08 Mart 2015 04:04

Yaşar Kemal ve Çukurova

İnce Memed bir Yaşar Kemal destanıdır. Anadolu insanının zulmün karşısında başkaldırısını simgeler. İnce Memed’i okurken Çukurovalı bir Homeros’un sesi yankılanır kulaklarımızda.

Paylaş

Zafer DORUK

Ustayla tanışma fırsatını Adana’da, 1993 Seyhan Kültür şenliklerinde bulmuştum. Hemite köyü de o sırada gündeme gelmişti. Ustanın heykeli dikilmişti oraya. Açılışına gitmiştik. Şenlik kapsamında yapılan Orhan Kemal Öykü Yarışmasında ben de bir başarı ödülü almıştım. Ödüllerimizi ustanın elinden almıştık, bizim için asıl ödül bu olmuştu.
Orhan Kemal’le Yaşar Kemal aynı dönemin yazarlarıdır. Orhan Kemal otuzlu, kırklı yılların Adanasını anlatır: Tarımın tasfiyesini, şehre göç macerasını, şehri, şehirdeki insanı, insanın alın yazısıymış gibi görünen sıradan bir olayın ardındaki büyük insanlık dramını... Yaşar Kemal çerçeveyi genişletir, Çukurova insanını anlatır. Adana çok küçük kalır anlattıklarında. Kadirli’ye, Ceyhan’a, Anavarza’ya, Aladağlara, Toros köylüklerine, kasabalarına doğru açılır. Çukurova’nın kıracını, yaylasını, dağını, ovasını, insanını, insanın düşünü, umudunu, korkusunu, destanını anlatır. Kendi kıssadan deyimiyle: ‘İnsanın macerası’nı yazar. Şiirsel betimlemeleri, yalın, duru, kendine özgü dili, anlatımındaki  lirik tat onu evrensel kılan özellikleridir. Anlattığı dünya Orhan Kemal’in dünyasıyla yan yana geldiğinde Türk edebiyatında bir Çukurova edebiyatı gerçeği çıkar ortaya. Diliyle, destanıyla, mitiyle, masalıyla, ağıdıyla, şiiriyle türküsüyle bu edebiyatın eni konu incelenmesi gerekiyor. Yaşar Kemal’in romanları ruhbilimsel, toplumbilimsel, tarihsel, yapısal, dilbilimsel yönleriyle de ayrıntısıyla incelenmeli.

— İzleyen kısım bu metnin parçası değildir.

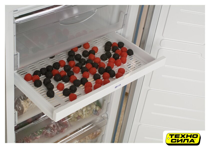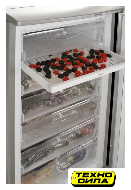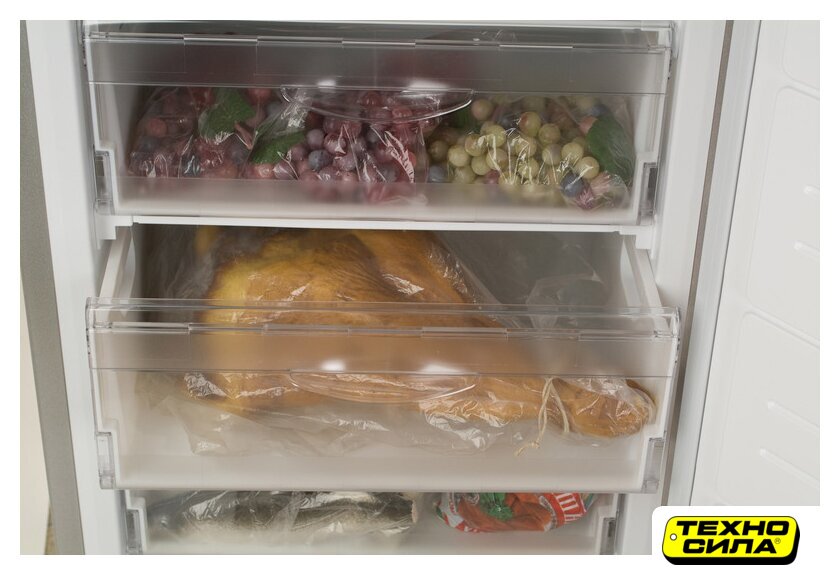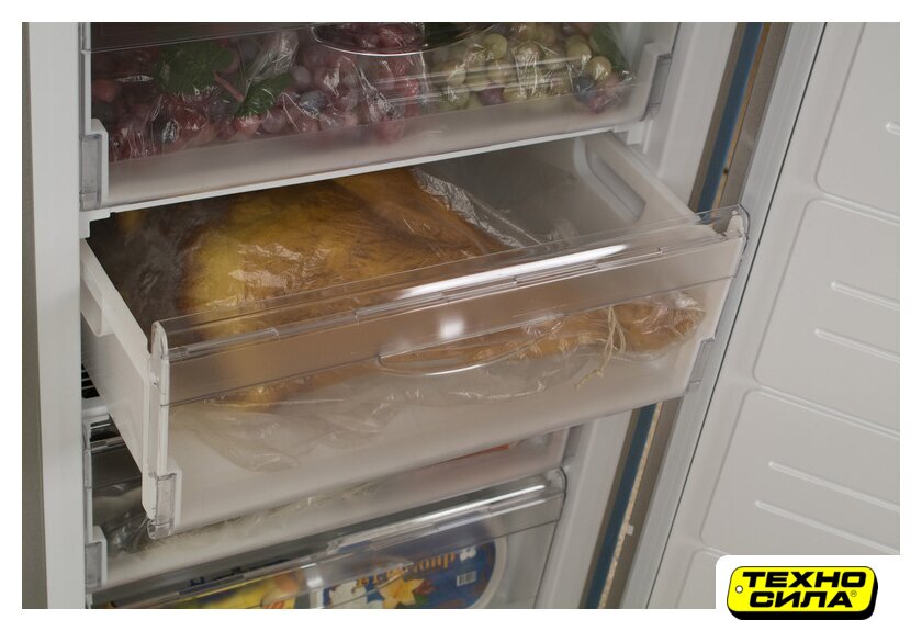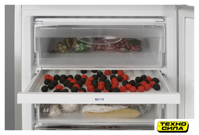 отдельностоящий, без No Frost, электронное управление, класс A+, полезный объём: 324 л (205 + 119 л), зона свежести, подставка-лоток для бутылок, лоток для яиц, 59.5x62.7x186.8 см, серебристый

Bir dönemin  Çukurovasına, aşiret kültürüne, fodal yapısına, geleneğine ve insanın doğa karşısındaki büyük dramına  büyük bir ayna tutar ve anlatım ustalığıyla karakterlerinin ruh hallerini vermedeki olağanüstü başarısı yazdıklarını evrensel bir kata yükseltir... İnce Memed bir Yaşar Kemal destanıdır. Anadolu insanının zulmün karşısında başkaldırısını simgeler. İnce Memed’i okurken Çukurovalı bir Homeros’un  sesi yankılanır kulaklarımızda.
Orhan Kemal’in romana ağırlık vermesine karşın hikayeciliği daha ağır basar. Ben kendi adıma: hikayelerinden aldığım tadı romanlarından alamam. Yaşar Kemal’de durum tam tersinedir:  hikayeciliğinden önce romancılığı gelir. ‘Sarı Sıcak’da güzel hikayeler vardır. Ama Yaşar Kemal’in destancı yanı, halk şiirini, folkloru çok sevmesi, yerel kültürü çok iyi bilmesi, eşsiz gözlem gücü ve sağlam belleği romanları için  daha elverişli bir ortam oluşturmuştur. O da görünen odur ki roman yazmayı daha çok sevmiştir. Bir çok insanın  belirttiği gibi o,  Tolstoy, Balzac, Sthendal,  Hemingway, Dostoyevski, Çehov ayarında bir yazardır. Onun yazarlığının en özgün yanı: Çukurova’nın her taşını, her toprağını, dilini, geleneğini, yerel ağzını,  çiçeğini, bitkisini, böceğini ve en önemlisi de  insanını bu kadar ayrıntılı, bu kadar yakından tanıması, bilmesiydi; çok az yazara özgü donanımlardır bunlar. Anadolu’ya özgü yerel kültürün  renklerini, dilleri, inançları, kültürler arası ilişkileri, akrabalıkları  onun arı duru Türkçesinden ve sürükleyici  anlatımından okuruz, kendi deyimiyle: ‘binbir çiçekli bir kültür bahçesi’nde buluruz kendimizi. O, Çukurova’nın ‘Yüzyıllık Yalnızlığını’ yazmıştır. Steinbeck için Calofornia bozkırları, Marquez için Latin Amerika neyse, Yaşar Kemal için de Çukurova o’ydu. Yaşar Kemal’deki büyülü gerçeklik diliyle çok güzel örtüşür ve şiirsel bir tat verir. Sözlü güzelliğinin yanında görsel bir yanı da vardır onun romanlarının; sinema onun roman dilini çok iyi kullanır. Uzun sözün kısası: Türk edebiyatına bir Yaşar Kemal daha gelmez. Onu çok arayacağız...

ÖNCEKİ HABER

Evlat acısıyla yorulmuş bir anne: Şadan Eren

SONRAKİ HABER

‘Bu ızdırap hiç yaşlanmaz’

Sefer Selvi Karikatürleri
Evrensel Gazetesi Birinci Sayfa
Evrensel Ege Sayfaları
EVRENSEL EGE

Ege'den daha fazla haber, röportaj, mektup, analiz ve köşe yazısı...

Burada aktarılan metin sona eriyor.